May Day And The Ghanaian Worker

Added to this conundrum, is the demand by some Unions for financial support ‘cloaked’ in the form of ‘Political Neutrality Allowance.’ It’s been a barrage of attacks from some quarters since the introduction of this new kid on the block in the Labour lexicon. But have those, who are attacking this allowance taken the time to study why that demand? It may look unjustifiable, but looking at current events, ‘anything for the boys’ will do. Apparently, the conditions of living in the country have inexorably assumed distressing dimensions. Ghanaian Public Sector Workers must presently be one angry group of people. The living wage is turning to be a death wage. Four percent and seven percent increment in wages, have indeed been, befuddling. They have been eroded by the high prices of virtually everything on the market. Nothing can therefore melt the rage within, except the payment of an acceptable wage. The dream for a better living wage and a good take home, continue to be a mirage and a dream gone sour worsened by global occurrences. It is also true that the economy has taken a ‘battery’ as a result of problems outside the purview of government.  In whatever way it is viewed, the truth remains that workers incomes are low and the untold hardship has become intolerable. Some experts have even gone the extent of clamouring for price controls by government, if it cannot pay a living wage now, to stop the wanton exploitation of the poor worker, by market queens.  It has become, a weekly, indeed, a daily phenomenon, to see prices of goods shoot up on the market unannounced.  Prices of groceries, beverages, common food items that the average worker survives on, have become an anathema.  For prices of fuel and sachet water, the least said about them, the better.  When transporters decide to hike transport fares, government comes in. Why then does government remain aloof when sachet water producers for instance decide to do same.  AND as if to rub it in, some category of workers in this same ‘Ghana we all live in, take home salaries that others have described as Obscene, forgetting that we all go the same market and buy tomatoes and Onions at the same Price.
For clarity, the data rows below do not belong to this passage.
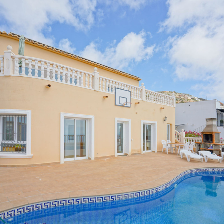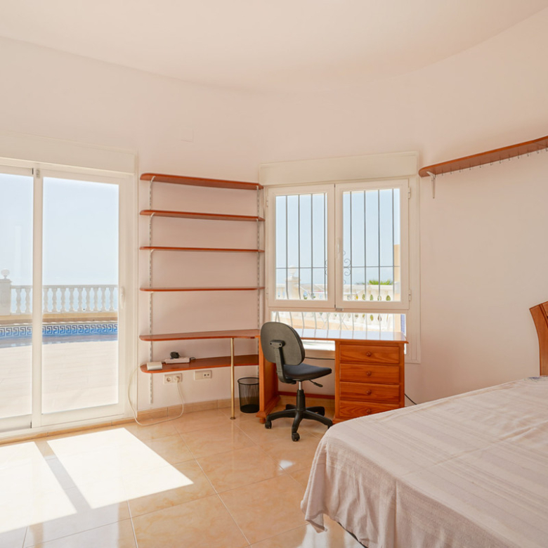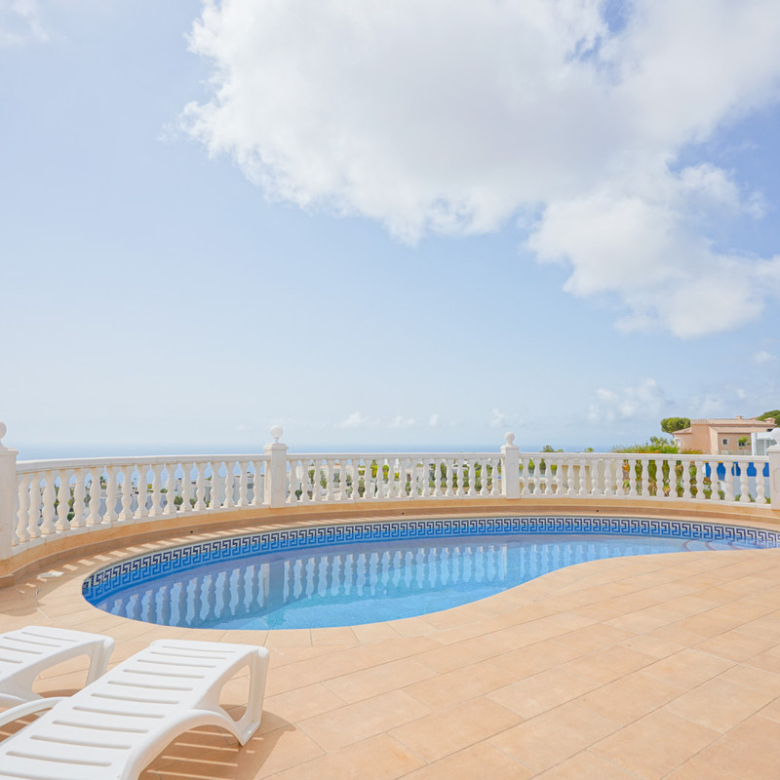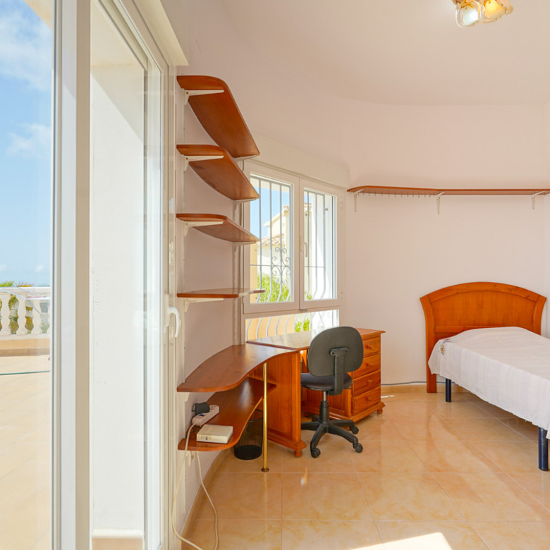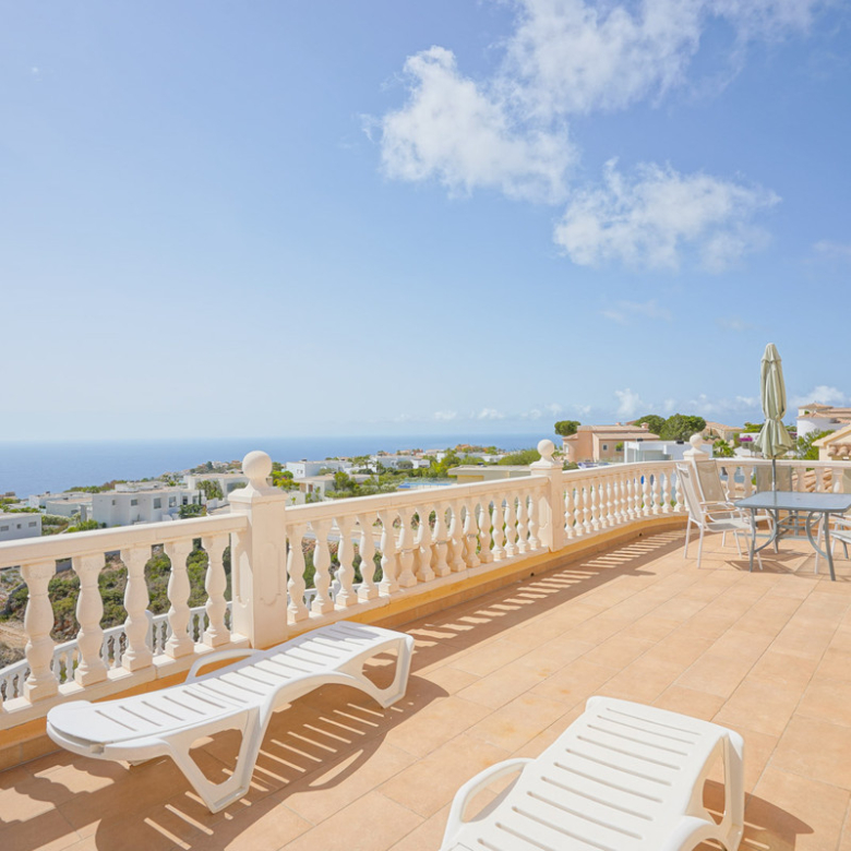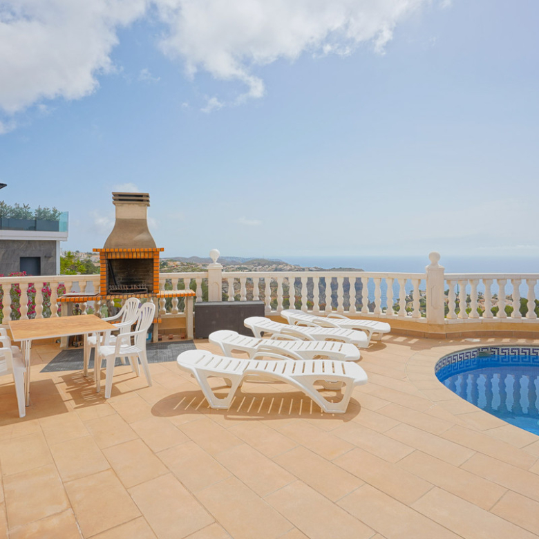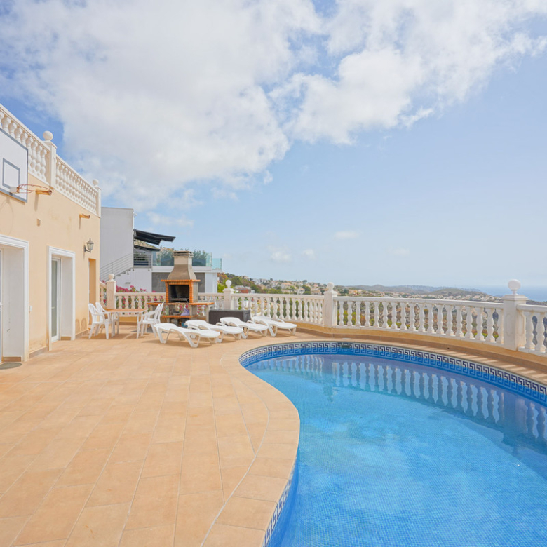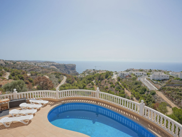 Located in Cumbre del Sol, this villa offers breathtaking views over the cliffs and the azure Mediterranean Sea. The villa is spread over two floors. On the first floor is a living-dining room with a stove, a half-open kitchen and a double bedroom with an ensuite bathroom. Through sliding windows there is direct access to a large terrace from both the bedroom and the living room. The ground floor consists of two double bedrooms, two bathrooms and an extra room that could possibly be used as a single room. Outside, there is a large poolside terrace and a barbecue. There is also a terrace surrounded by fruit trees on the north side. The villa has air conditioning and underfloor heating. There is also parking space for two cars. There is also a project approved to extend the villa by 100 m2 if required. The villa is just 4 minutes’ drive from the idyllic pebble beach of Cala Moraig and 10 minutes from the tourist coastal village of Moraira and has a rental licence. Jávea can be reached in 20 minutes. Both the international school and several large supermarkets can be reached in just 5 minutes.
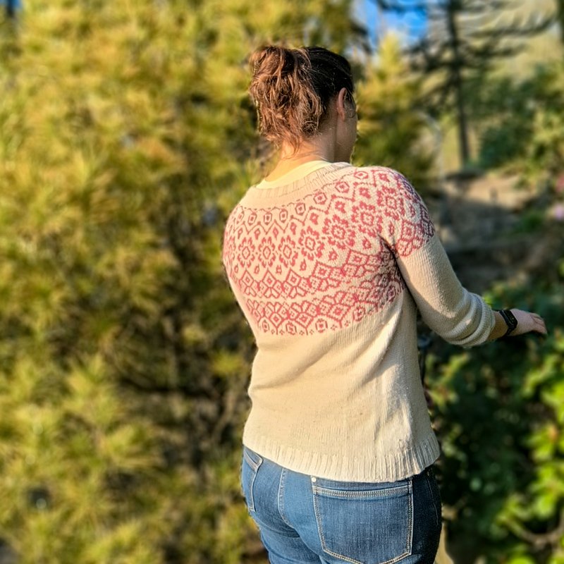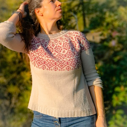 Sommerliche Motive und leichte Pullover locken uns im Frühjahr wenn die ersten Frühblüher erscheinen. Diesen Rundpassenpullover passt wunderbar in die wärmere Jahreszeit.
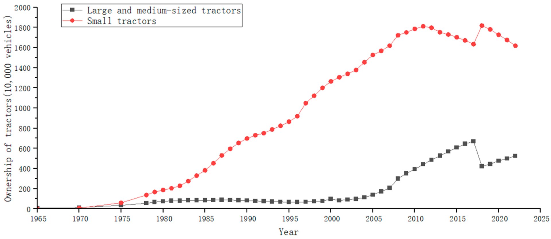 Note: The data are obtained from China Rural Statistical Yearbook, Beijing, 1980–2023, China Statistics Press. The classification standard for large- and medium-sized tractors and small tractors after 2018 has been changed from an engine power of 14.7 kW to 22.1 kW.
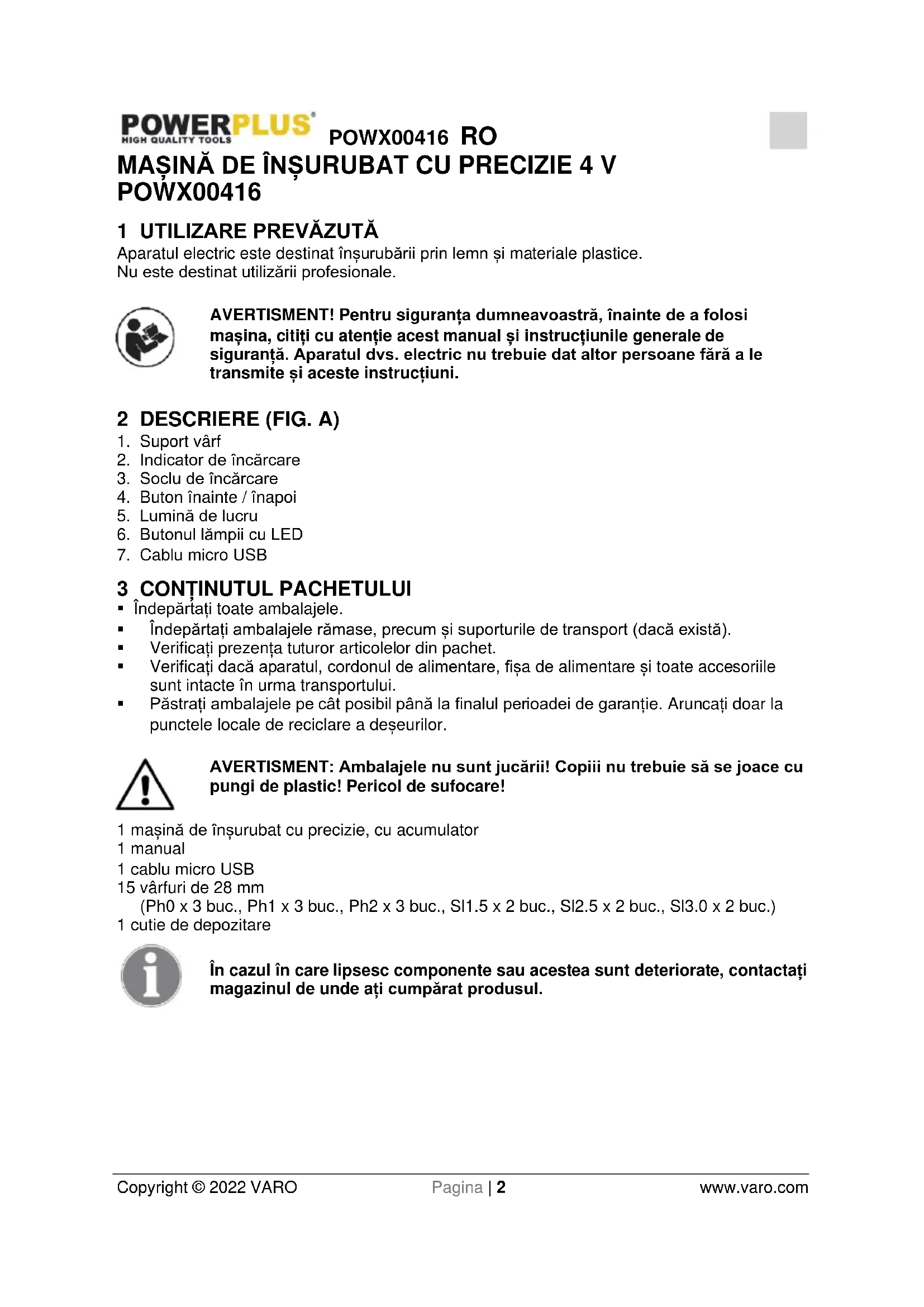 - Îndepărtați șuruburile blocate și înțepenite schimbând direcția de rotație.POWX00416 RO Copyright © 2022 VARO Pagina | 7 www.varo.com

May Day And The Ghanaian Worker

Is it therefore surprising that The TUC boss called for a total overhaul of salaries in the public service? It is not for nothing that Some have also advocated a complete scrap of the Single Spine Pay Policy, because instead of rationalizing salaries in the Public sector, it has made more workers worse off.  The government thinks it is not in a better standing to raise salaries because outside events have brought the economy to its knees. There is therefore, need to cover the hole created before any ‘largess’ for the worker. Conversely, the worker finds himself between a rock and a hard place. Nobody knows where the immediate solutions to these problems may come from.  In whatever way one looks at it, things aren’t getting better now, but the worker needs to survive. So something must be done to alleviate the plight of the suffering Ghanaian.